Aim of the task
What is needed is an exact transcription of the line containing "At the edge" and every line after it through the end of the entries below, with no pictures.

Entries provided

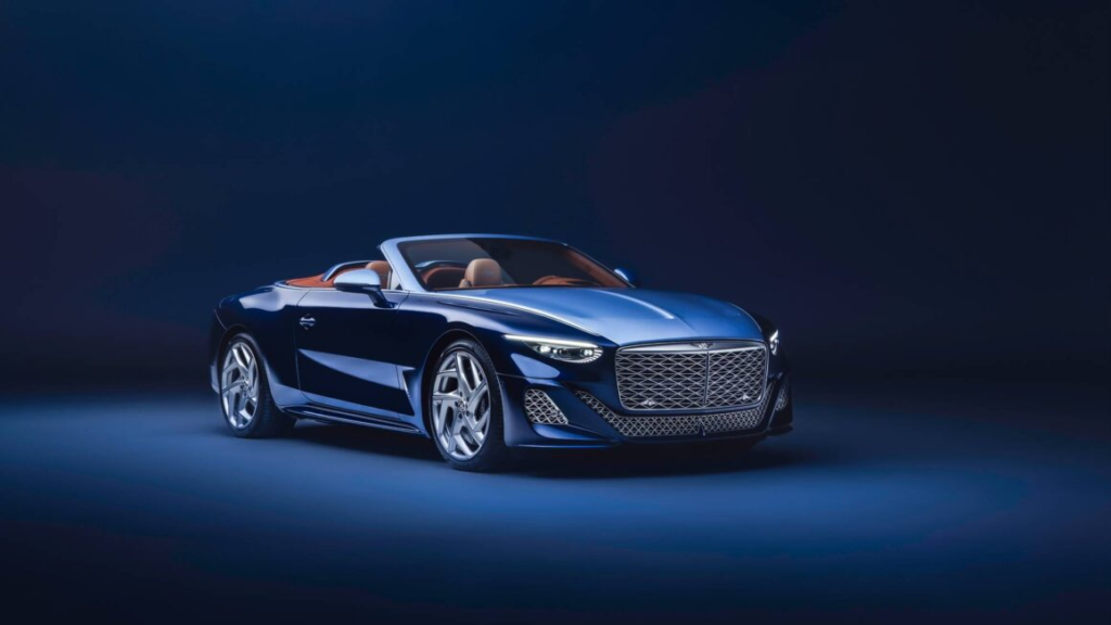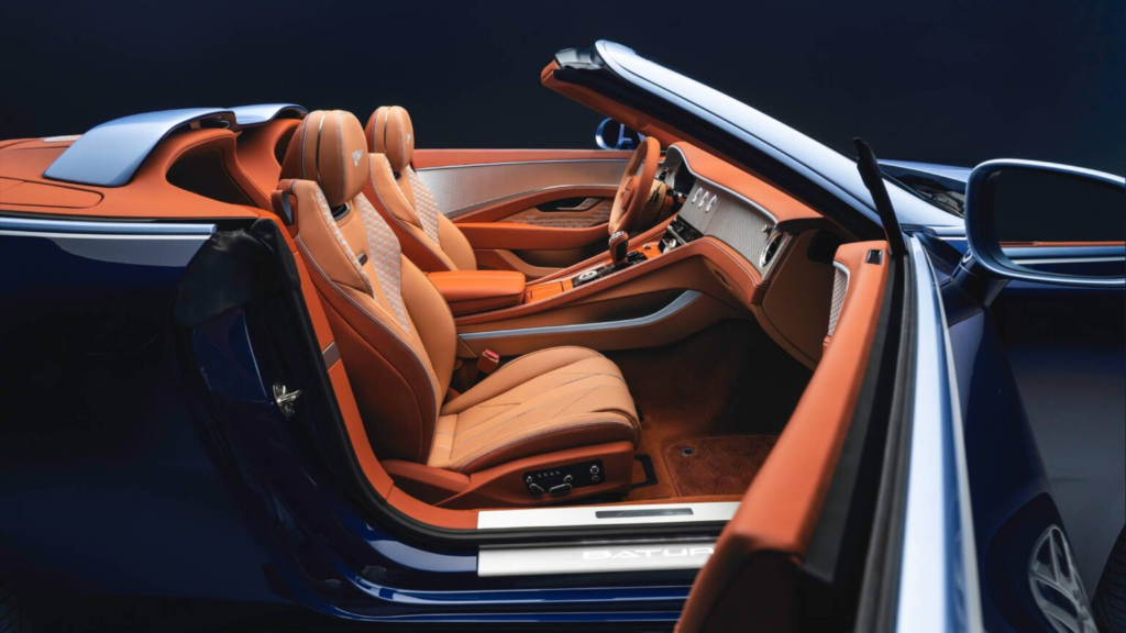 敞篷车最容易被忽略的布顶,在这辆车上同样被视为整体设计的一部分。Batur Convertible #4 的软顶采用与车身呼应的深蓝色,这是宾利首次在敞篷作品中进行如此彻底的颜色统一。无论车顶开启或关闭,车身线条与色彩都能保持完整一致,甚至连敞篷放下后显露的后方结构,也经过特别上色处理,避免破坏整体视觉节奏。
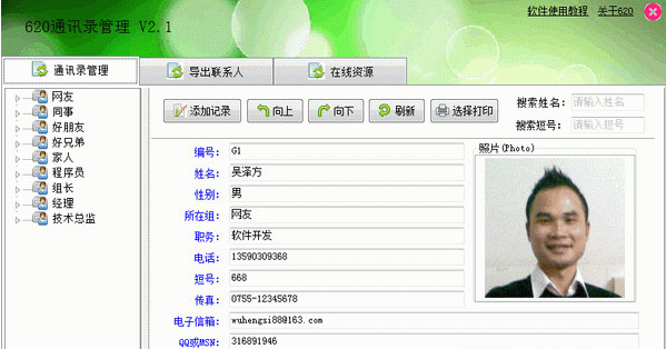 620通訊錄管理輕松幫助用戶記錄管理聯(lián)系人及聯(lián)系方式,可打印記錄同時也可把 通訊錄數(shù)據(jù)導(dǎo)出為Excel、Txt、Hta三種格式文件,方便數(shù)據(jù)交換。分類所有聯(lián)系人以樹形結(jié)構(gòu)列出,可插入照片,查看方便、一
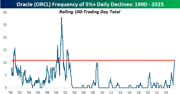 Die Grafik zeigt die rollierende Anzahl von Handelstagen mit Kursverlusten von mehr als 5 % bei Oracle innerhalb von jeweils 100 Handelstagen seit 1990. Der aktuelle Wert reicht nahe an das historische Maximum heran und liegt damit über dem Niveau vergleichbarer Zeiträume während der Finanzkrise.
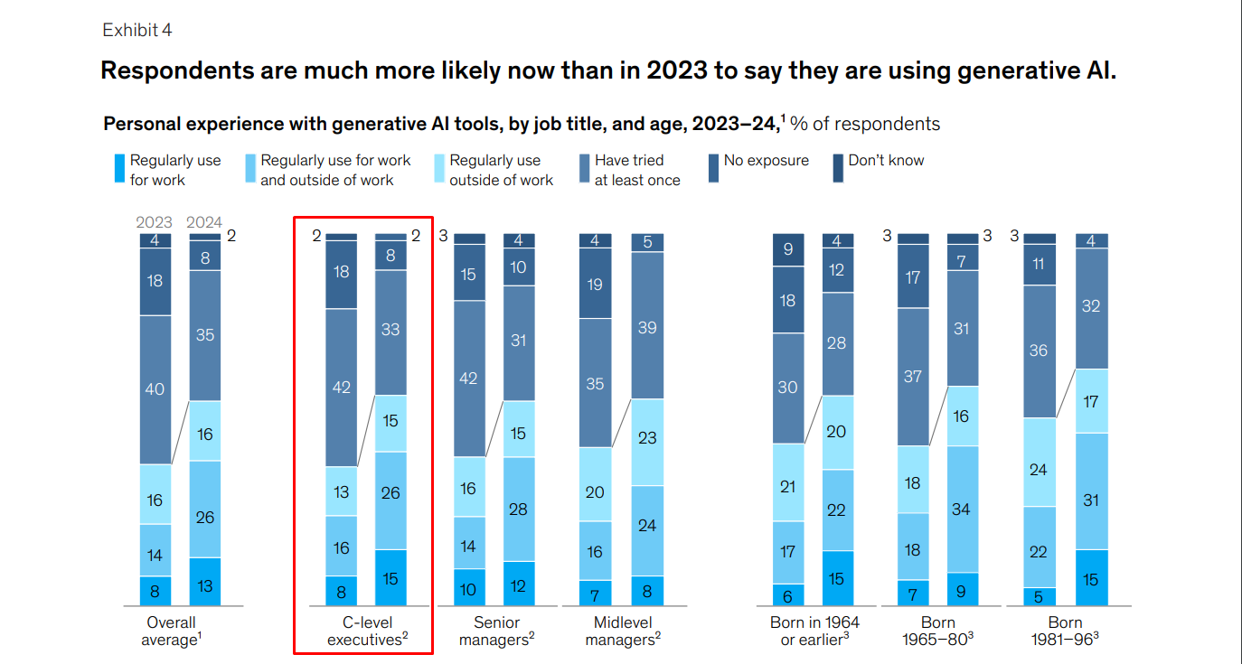 C-level executives demonstrate the highest adoption of generative AI tools, with 41% using them regularly for work, which is above the overall average. This group also has a notably low percentage (only 8%) with no exposure to generative AI, highlighting their proactive approach to embracing new technology. The increase in AI usage from 2023 to 2024 among C-level executives suggests they view generative AI as a strategic asset, essential for maintaining a competitive edge and driving innovation within their organizations.
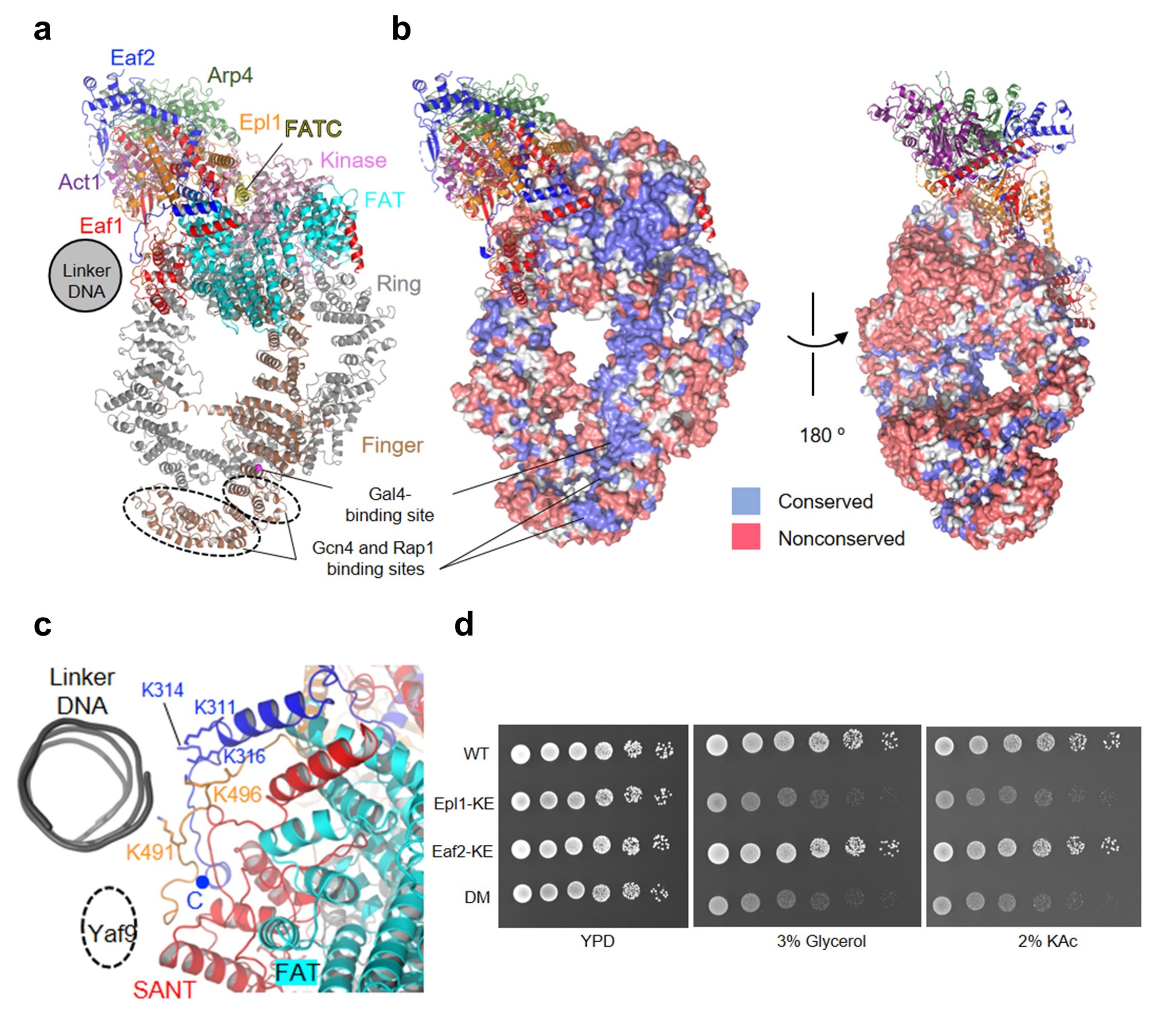 At the edge of the TRA module, a polybasic surface (PBS) formed by the Epl1 and Eaf2 subunits interacts with the linker DNA (Fig. 2b). The importance of the PBS was confirmed by the acetylation assays and the yeast genetic experiments (Fig. 2c).
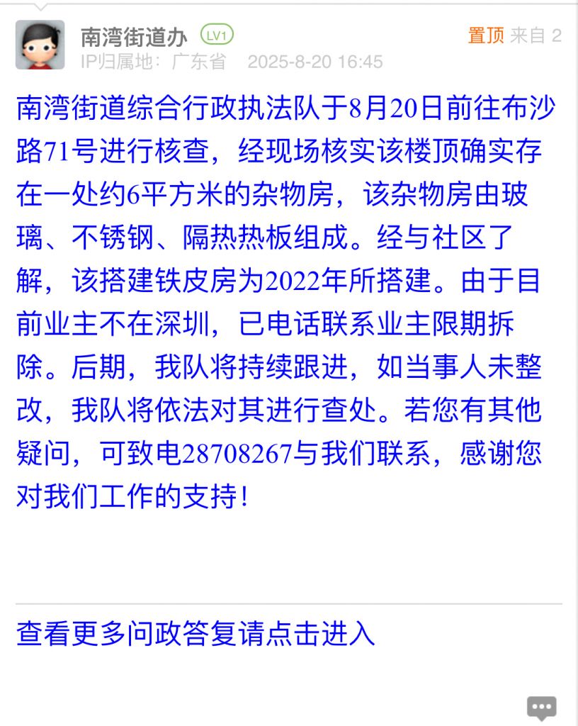 南灣街道綜合行政執(zhí)法隊(duì)于8月20日前往布沙路71號(hào)進(jìn)行核查,經(jīng)現(xiàn)場(chǎng)核實(shí)該樓頂確實(shí)存在一處約6平方米的雜物房,該雜物房由玻璃、不銹鋼、隔熱熱板組成。經(jīng)與社區(qū)了解,該搭建鐵皮房為2022年所搭建。由于目前業(yè)主不在深圳,已電話聯(lián)系業(yè)主限期拆除。后期,我隊(duì)將持續(xù)跟進(jìn),如當(dāng)事人未整改,我隊(duì)將依法對(duì)其進(jìn)行查處。若您有其他疑問(wèn),可致電28708267與我們聯(lián)系,感謝您對(duì)我們工作的支持!

Output for this task
 At the edge of the TRA module, a polybasic surface (PBS) formed by the Epl1 and Eaf2 subunits interacts with the linker DNA (Fig. 2b). The importance of the PBS was confirmed by the acetylation assays and the yeast genetic experiments (Fig. 2c).
 南灣街道綜合行政執(zhí)法隊(duì)于8月20日前往布沙路71號(hào)進(jìn)行核查,經(jīng)現(xiàn)場(chǎng)核實(shí)該樓頂確實(shí)存在一處約6平方米的雜物房,該雜物房由玻璃、不銹鋼、隔熱熱板組成。經(jīng)與社區(qū)了解,該搭建鐵皮房為2022年所搭建。由于目前業(yè)主不在深圳,已電話聯(lián)系業(yè)主限期拆除。后期,我隊(duì)將持續(xù)跟進(jìn),如當(dāng)事人未整改,我隊(duì)將依法對(duì)其進(jìn)行查處。若您有其他疑問(wèn),可致電28708267與我們聯(lián)系,感謝您對(duì)我們工作的支持!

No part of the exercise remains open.